The blade 1200 may be provided in a plate shape including an elastic material. This is because the liquid crystal remaining on the nozzle surfaces of the heads 410, 420 and 430 can be resiliently scratched and a buffer function for protecting the nozzle surfaces of the heads 410, 420 and 430 from the collision between the suction nozzle 1100 and the heads 410, Lt; / RTI >

The blade 1200 may be provided in a plate shape including a water-repellent material. This allows the liquid crystal to move along the blade 1200 when the blade 1200 is in contact with the liquid crystal, thereby making it possible to set the vacuum pressure low.

11 is a view showing one embodiment of the blade of the head cleaning unit.

According to one embodiment, the blade 1200 is coupled to the inside of the suction hole 1114 of the suction nozzle 1100 and protrudes upward along the suction hole 1114, as shown in Fig. As the heads 410, 420, and 430 move, the liquid crystal remaining on the nozzle surface of the head is scratched by the blade 1200, and the remaining liquid crystal is sucked by the suction pressure of the suction nozzle 1100. The elevating member 1300 coupled to the suction nozzle 1100 finely adjusts the gap between the nozzle face of the heads 410, 420 and 430 and the suction holes 1114 of the suction nozzle 1100 according to the size and amount of the remaining liquid crystal The degree of contact between the blade 1200 and the nozzle surfaces of the heads 410, 420, and 430 is adjusted.

12 is a view showing another embodiment of the blade of the head cleaning unit.

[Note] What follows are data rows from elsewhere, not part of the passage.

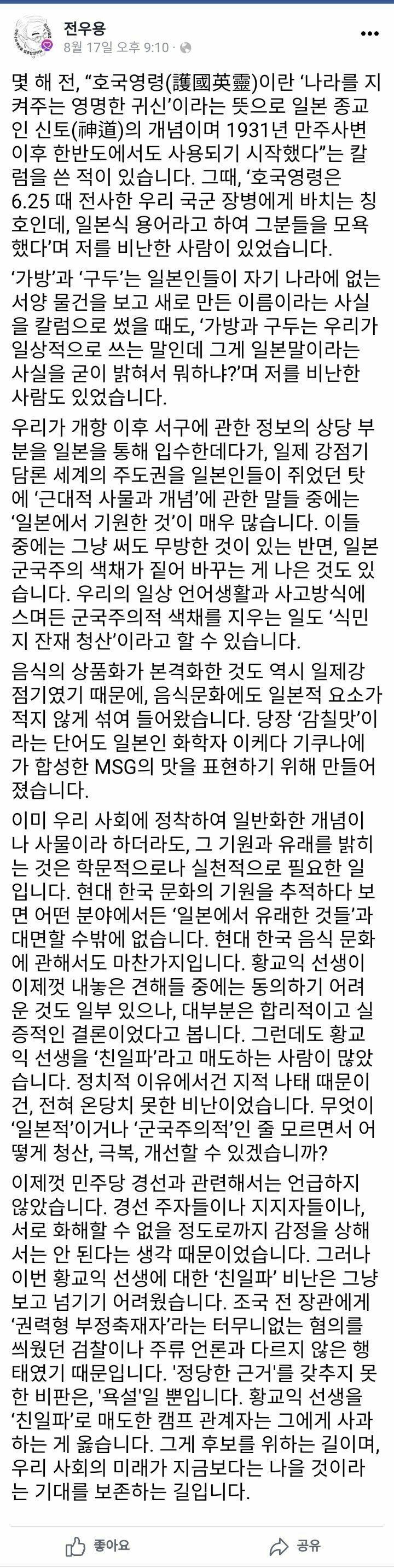 친일파 까는 사람이 이걸 쉴드치네
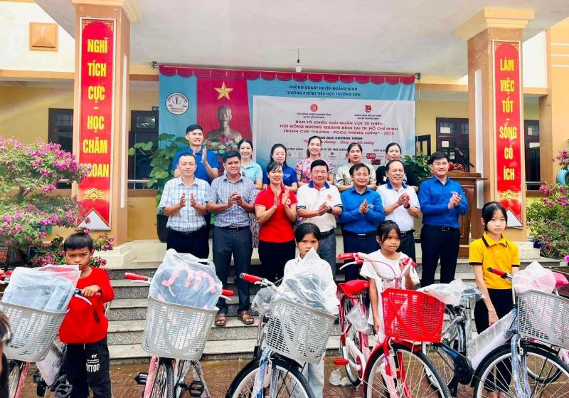 Hoạt động Hội không dừng lại ở TP Hồ Chí Minh quê hương thứ hai, mà luôn hướng về Quảng Bình thân yêu. Chương trình “Xe đạp yêu thương cùng em đến trường”, thông qua Tỉnh đoàn Quảng Bình, BTC Giải Tennis của HĐH Quảng Bình tại TPHCM đã trao 190 xe đạp cho học sinh có hoàn cảnh khó khăn tại 8 huyện, thị xã, thành phố. Hội ghi nhận sự ủng hộ và tham gia nhiệt tình của anh Lê Khắc Tiến (Đồng Hới), GĐ Cty thiết bị PCCC Thăng Long và anh Đinh Xuân Hùng (Bố Trạch), Giám đốc Công ty nước uống Fujiwa. Ngoài ra, BTC còn tặng thêm cho Hội bảo trợ người khuyết tật và trẻ mồ côi tỉnh 20 chiếc xe.
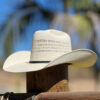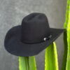 - Bandinha com Detalhes: Feita do mesmo material do chapéu, possui uma fivela passador e ponteira em prata adornada com uma pedra vermelha, adicionando um toque de distinção.
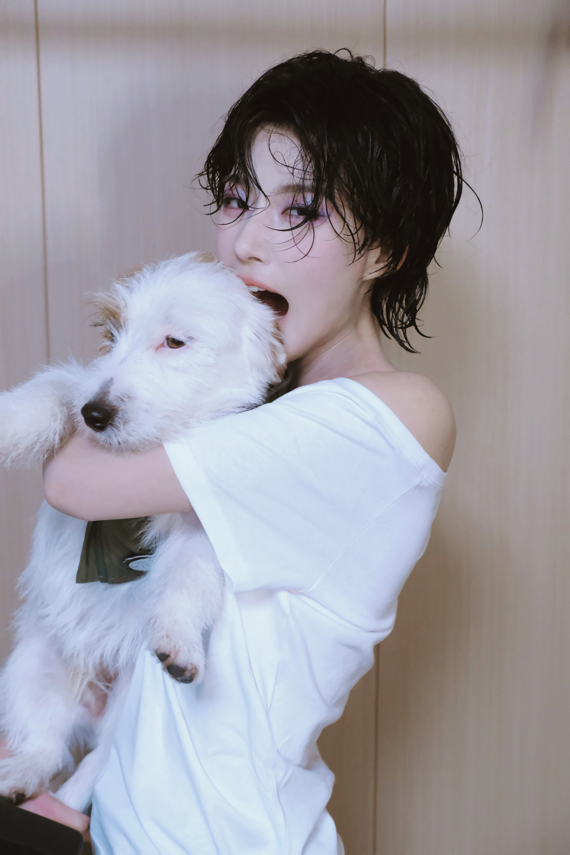 灰调挂脖套装,长发灵动眼神清冷——卢昱晓。每日明星美图分享

12, the blade 1200 is coupled to the inside of the suction hole 1114 of the suction nozzle 1100, and protrudes upward at an inclination with respect to the suction hole 1114. As shown in Fig. As the heads 410, 420, and 430 move, the remaining liquid crystal is sucked due to the suction pressure of the suction nozzle 1100, and the fine liquid crystal that can not be completely removed is scraped off by the blade 1200 and sucked into the suction nozzle. The elevating member 1300 coupled to the suction nozzle 1100 finely adjusts the gap between the nozzle face of the heads 410, 420 and 430 and the suction holes 1114 of the suction nozzle 1100 according to the size and amount of the remaining liquid crystal The degree of contact between the blade 1200 and the nozzle surfaces of the heads 410, 420, and 430 is adjusted.

13 is a view showing another embodiment of the blade of the head cleaning unit.

13, the blade 1200 is coupled to the inside of the suction hole 1114 of the suction nozzle 1100 and projects upward at an angle with respect to the suction hole 1114. As shown in Fig. As the heads 410, 420, and 430 move, the liquid crystal remaining on the nozzle surface of the head is first scraped off by the blade 1200 to remove the liquid crystal remaining by the suction pressure of the suction nozzle 1100. The elevating member 1300 coupled to the suction nozzle 1100 finely adjusts the gap between the nozzle face of the heads 410, 420 and 430 and the suction holes 1114 of the suction nozzle 1100 according to the size and amount of the remaining liquid crystal The degree of contact between the blade 1200 and the nozzle surfaces of the heads 410, 420, and 430 is adjusted.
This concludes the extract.